Healing Your Relationship and Yourself

Talk about how you can meet each other's needs. Often, it was your boyfriend's unmet needs that caused him to start acting distant in the first place. Think about how you can meet those needs for him in the future, as well as how he can continue to meet yours. These conversations might lead you to experiment with different ideas that end up not working, but as long as you have open communication around everything, you'll be fine! For example, if you want your boyfriend to text you more during the day, he might decide that he can check in with you at lunch, then later realize that's not practical because he often runs errands at lunch. Recognize that some things you try might not work but if you're committed to each other and to your relationship you'll find the key to making it work eventually.

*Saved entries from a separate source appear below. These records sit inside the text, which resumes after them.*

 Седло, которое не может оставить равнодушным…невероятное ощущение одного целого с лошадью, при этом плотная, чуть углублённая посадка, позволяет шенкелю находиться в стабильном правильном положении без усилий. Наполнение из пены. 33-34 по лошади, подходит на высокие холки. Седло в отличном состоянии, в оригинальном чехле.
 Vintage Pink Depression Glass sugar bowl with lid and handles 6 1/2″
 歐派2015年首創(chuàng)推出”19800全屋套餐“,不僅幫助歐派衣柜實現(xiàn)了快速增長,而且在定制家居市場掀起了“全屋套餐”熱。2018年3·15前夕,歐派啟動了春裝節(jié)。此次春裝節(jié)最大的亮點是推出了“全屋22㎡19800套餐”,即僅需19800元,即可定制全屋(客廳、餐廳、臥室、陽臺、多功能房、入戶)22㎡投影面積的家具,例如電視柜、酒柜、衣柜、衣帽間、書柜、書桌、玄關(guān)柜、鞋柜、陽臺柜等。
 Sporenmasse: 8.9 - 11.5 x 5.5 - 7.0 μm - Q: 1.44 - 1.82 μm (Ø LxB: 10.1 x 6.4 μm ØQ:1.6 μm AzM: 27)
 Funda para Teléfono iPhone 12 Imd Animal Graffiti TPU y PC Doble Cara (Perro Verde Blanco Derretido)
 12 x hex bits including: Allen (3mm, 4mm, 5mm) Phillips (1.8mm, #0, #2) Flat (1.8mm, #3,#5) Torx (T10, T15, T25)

Turn your focus toward your own interests. Sometimes when you're in a relationship you lose sight of the things that make life enjoyable and meaningful for you. Other times you get so wrapped up in doing things with your boyfriend that you forget about the things you used to enjoy doing by yourself. Whatever the story, getting back to all of those things that used to really excite you will make you feel more confident about yourself and more content with your life. For example, if you used to enjoy playing soccer, you might join a rec league team in your community. Or if you enjoy art, you might find a local painting or photography class. Even if you and your boyfriend are working on your relationship, it's important to get back to fulfilling your own interests and pursuing things that are fulfilling to you if you've let those things fall by the wayside. This makes you a more interesting person to be in a relationship with.

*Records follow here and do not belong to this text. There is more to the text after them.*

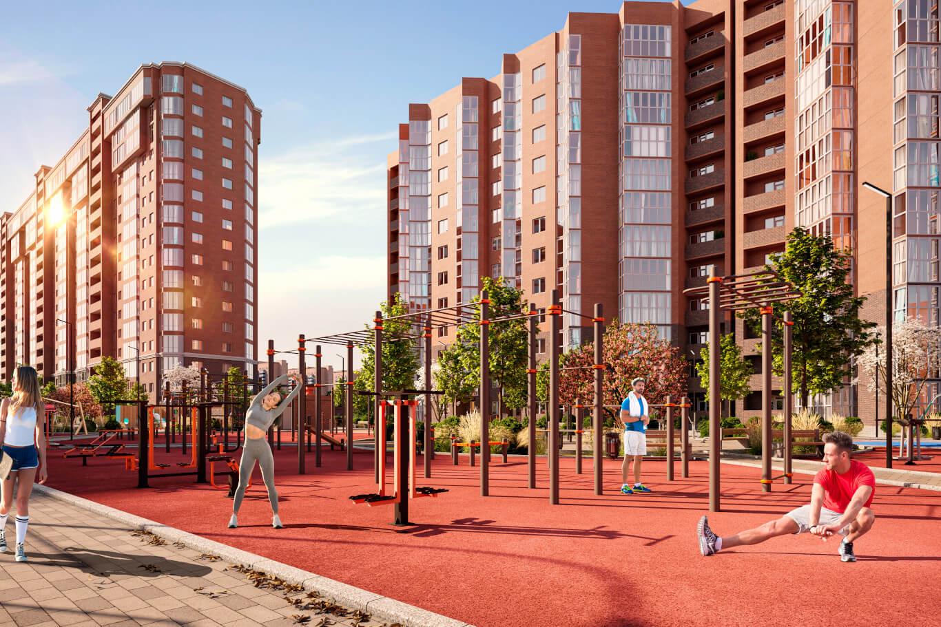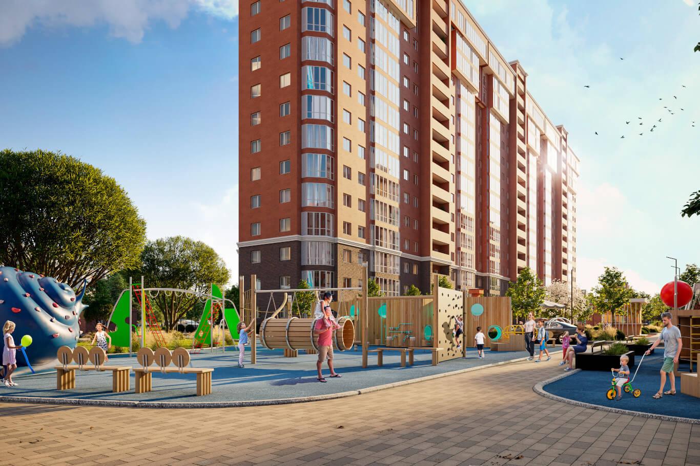 На территории свой детский сад, спортивные и детские площадки, зеленые зоны отдыха, множество коммерческих помещений.
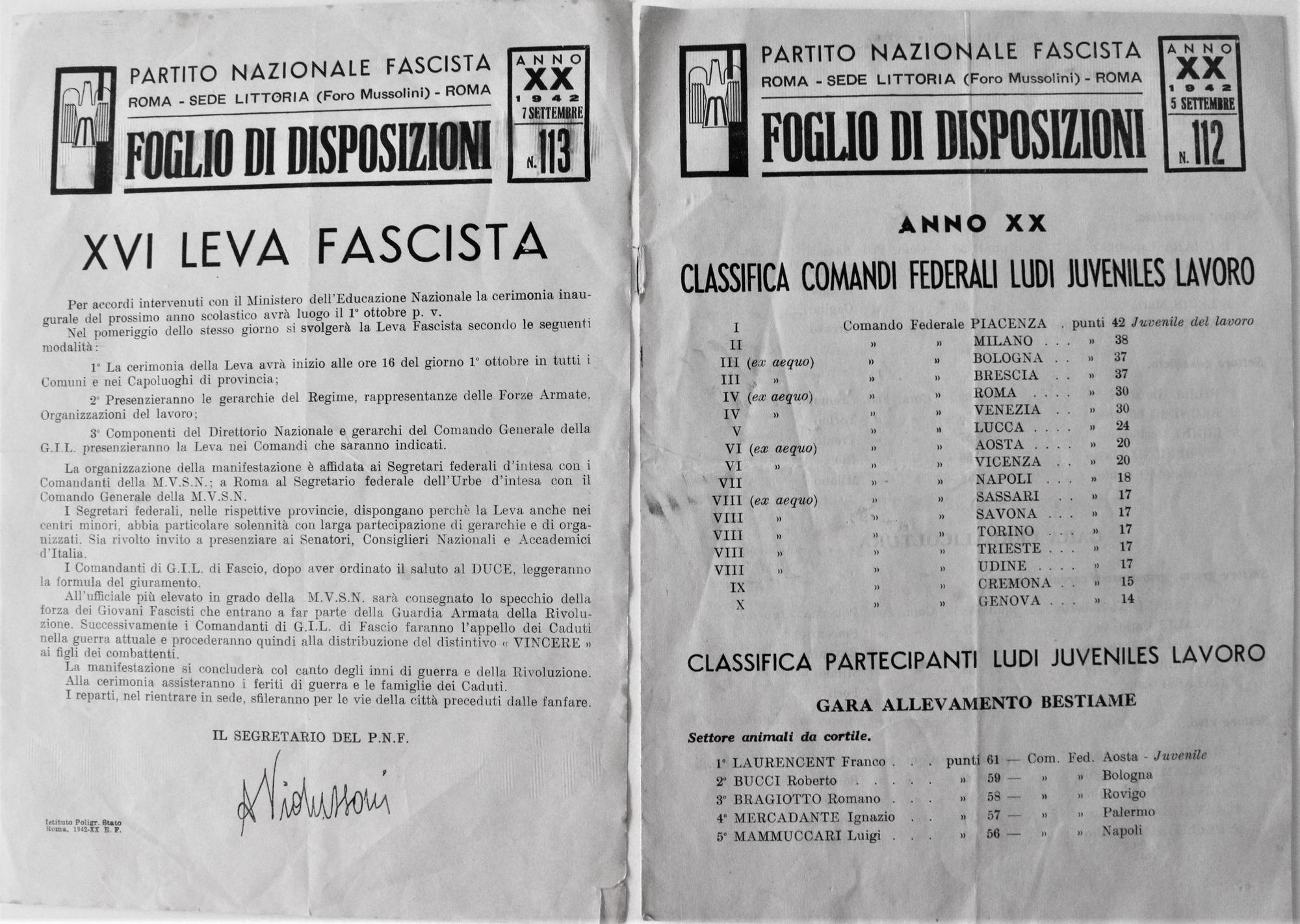 Lot 106 | DOCUMENTO PERIODO FASCISTA foglio di disposizioni n. 113 del 1942 XVI Leva...
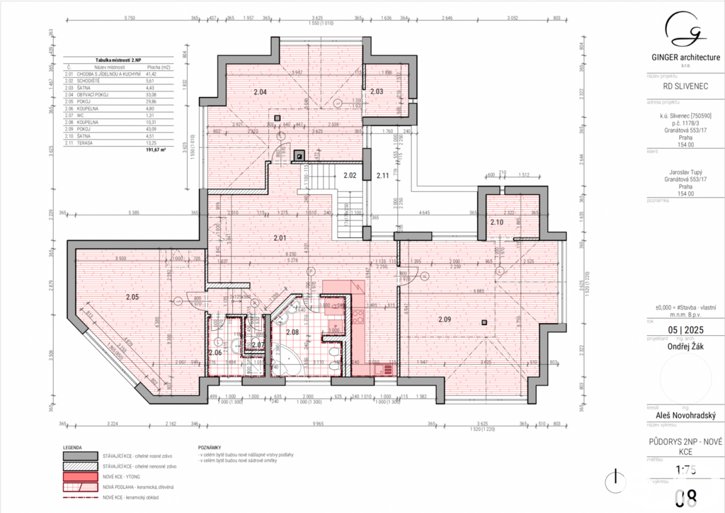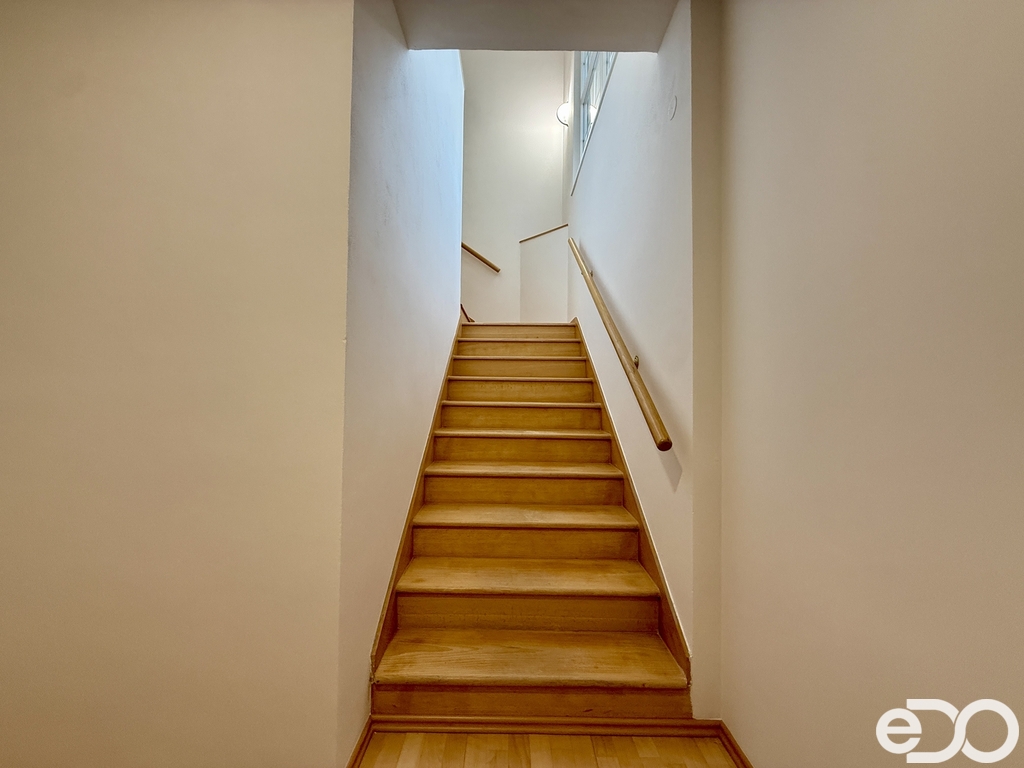 Byt se nachází v 1. patře (2. NP) domu, který byl rozdělen na tři samostatné bytové jednotky. Jedná se o podkrovní byt o dispozici 4+kk. Díky podkrovnímu řešení je byt světlý a vzdušný, je však potřeba počítat s tím, že uvedená výměra je ovlivněna zkosenými stěnami, které ale místy snižují plnohodnotně využitelnou podlahovou plochu.

Reconnect with family and friends. Chances are you have a lot of people around you who care about you and want you to be happy. Regardless of whether you and your boyfriend have decided to work things out, reaching out to them can take some of the pressure off of your romantic relationship. Spend time with other people to give your boyfriend a little space and give your relationship some room to breathe. If part of the issue was that you were leaning on your boyfriend too much, spending time with your family and friends allows you to spread out your emotional needs so that you aren't overwhelming your boyfriend. While you're hanging out with friends and family, avoid the impulse to badmouth your boyfriend—especially if you're on the outs or have decided to call it quits.

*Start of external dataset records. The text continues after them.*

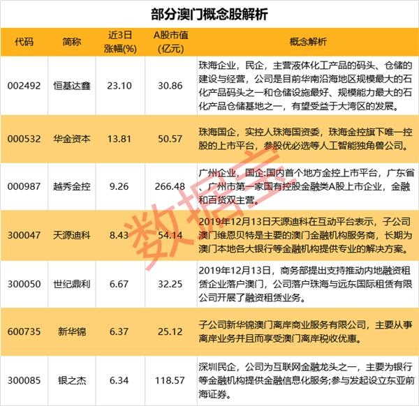 澳门回归20周年进入倒计时,政策大礼包有望落地,相关概念龙头股价收获两连板……
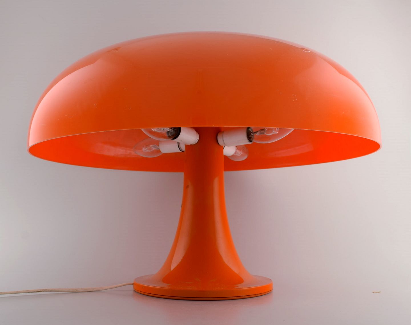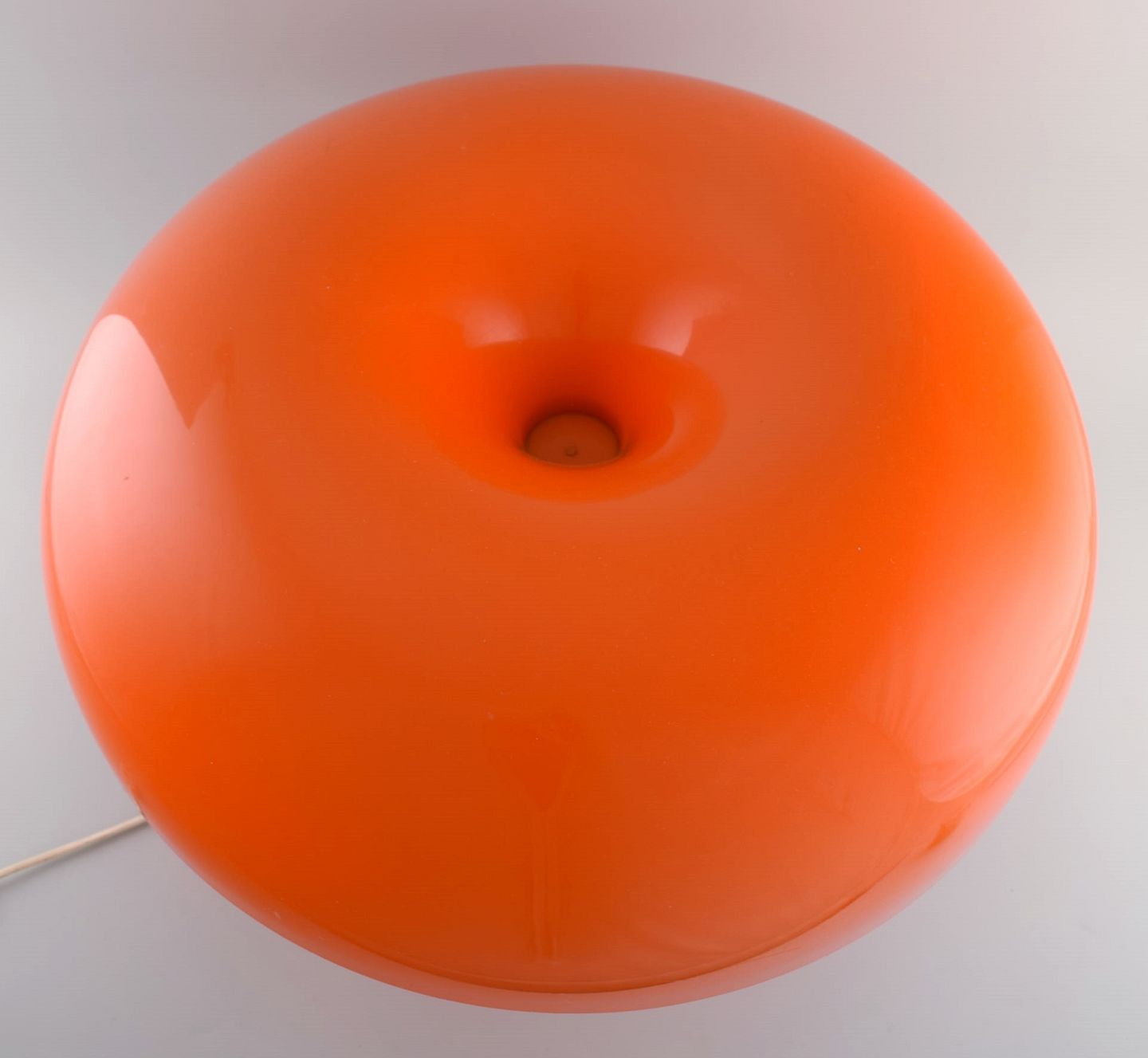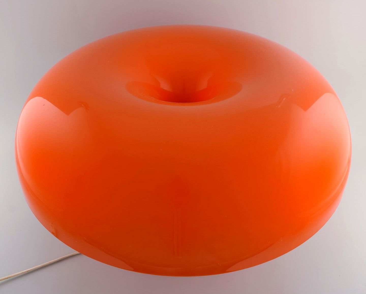 Giancarlo Mattioli for Artemide. Stor orange Nesso bordlampe. Italiensk design, 1970'erne. Måler: 54 x 35 cm. I flot stand. Stemplet. Patent pending. Materiale: Polycarbonat.
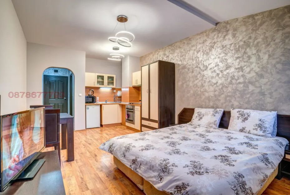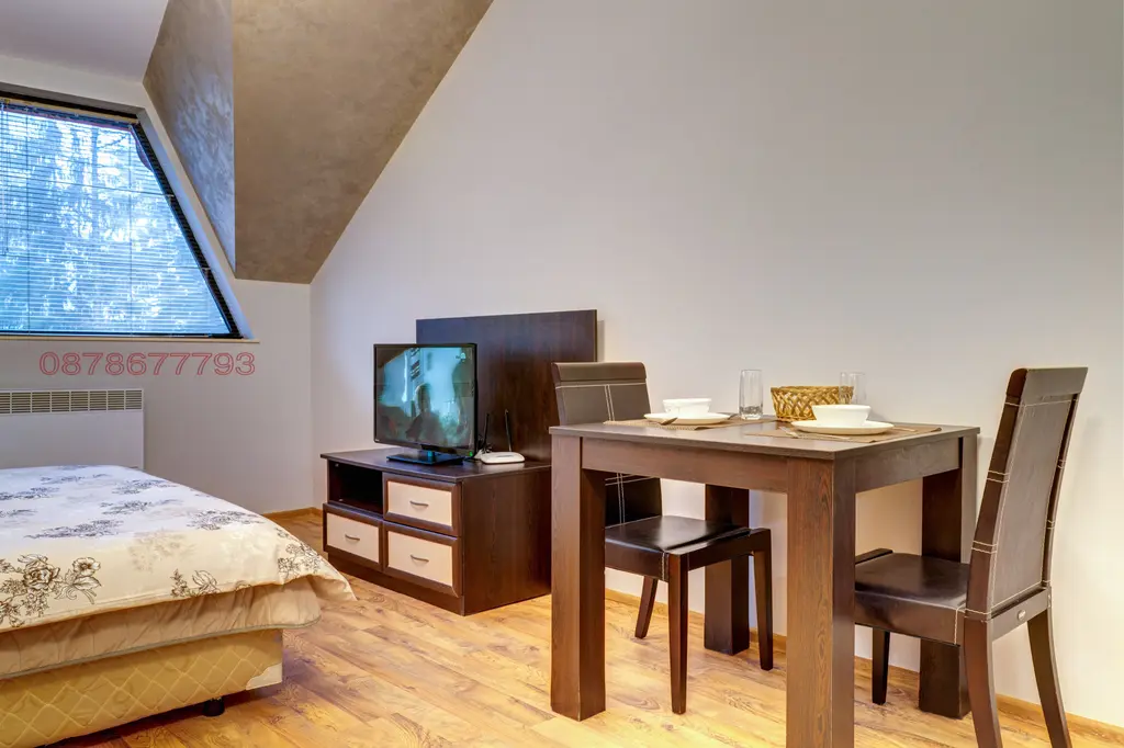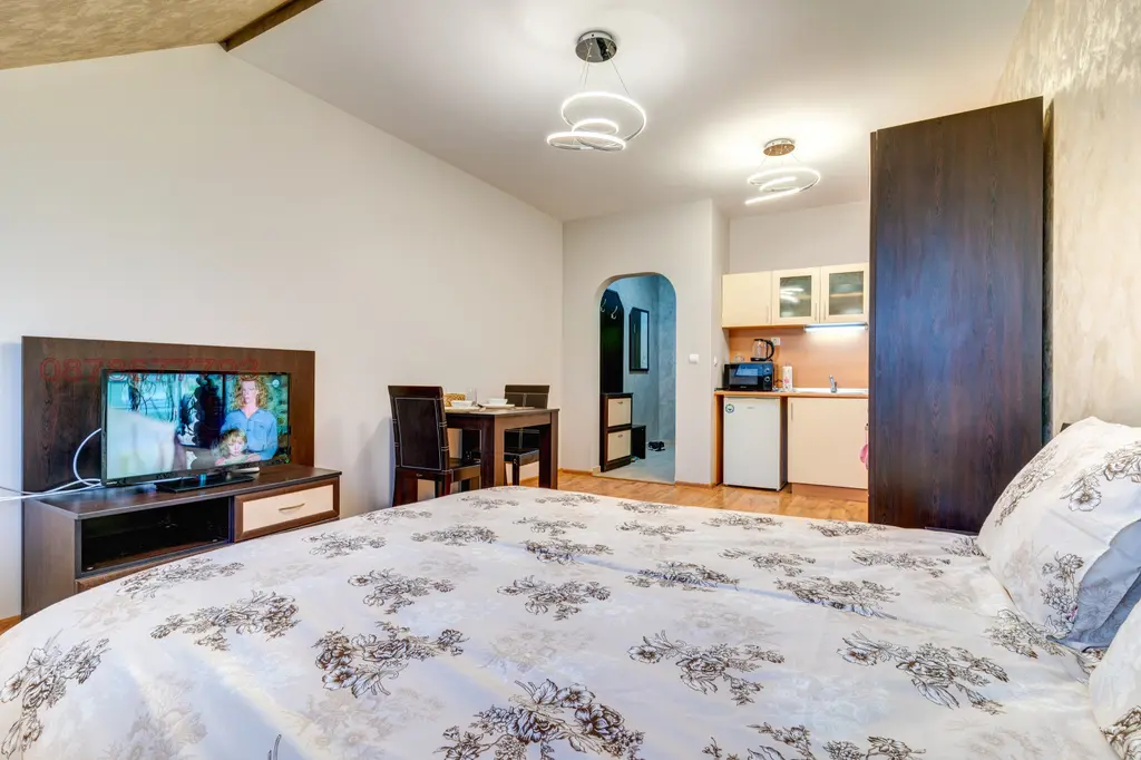 Студиото може да побере удобно между 1-3 гости (2ма възрастни и 1 дете). Студиото е обзаведено със спалня, сгъваемо единично легло, гардероб, маса с два стола. На разположение на нашите гости има напълно оборудвана кухня, хладилник, фурна, тостер, кафе машина, електрическа кана. В студиото има кабелна телевизия и Wi-Fi. Отопление- електрически конвектори. Осигурени са хавлии и спално бельо.

Work with a couples counselor to improve your communication. The whole point of couples counseling or therapy is to improve your relationship, and the number one way to do that is with more effective communication techniques. A counselor can work with the two of you to help you better understand each other and how to meet each other's needs. A couples counselor can also give you resources and tools that will help you resolve disagreements more peacefully and respectfully when they do come up. Together, you'll learn ways to communicate what's bothering you to each other so you don't have to go through this situation again where your boyfriend is acting distant all of a sudden and you don't know why.

Set healthy boundaries between the two of you. Whether you've decided to work on your relationship or move in different directions, setting healthy boundaries is essential to protect yourself emotionally and psychologically. Think about how you want to contact each other (or, if you've decided to part ways, if you even want to stay in contact at all) and at what frequency. You might also set boundaries around the frequency of contact or how long it's appropriate to wait before returning a text or call.

Allow for a period of mourning if the relationship ended. When a relationship ends, it's like experiencing the death of someone close to you. Even though your ex is still around, he doesn't occupy the same space he used to—it's totally normal to grieve that. Going full no-contact will make it easier for you to heal and move on from the relationship after you've decided to end it.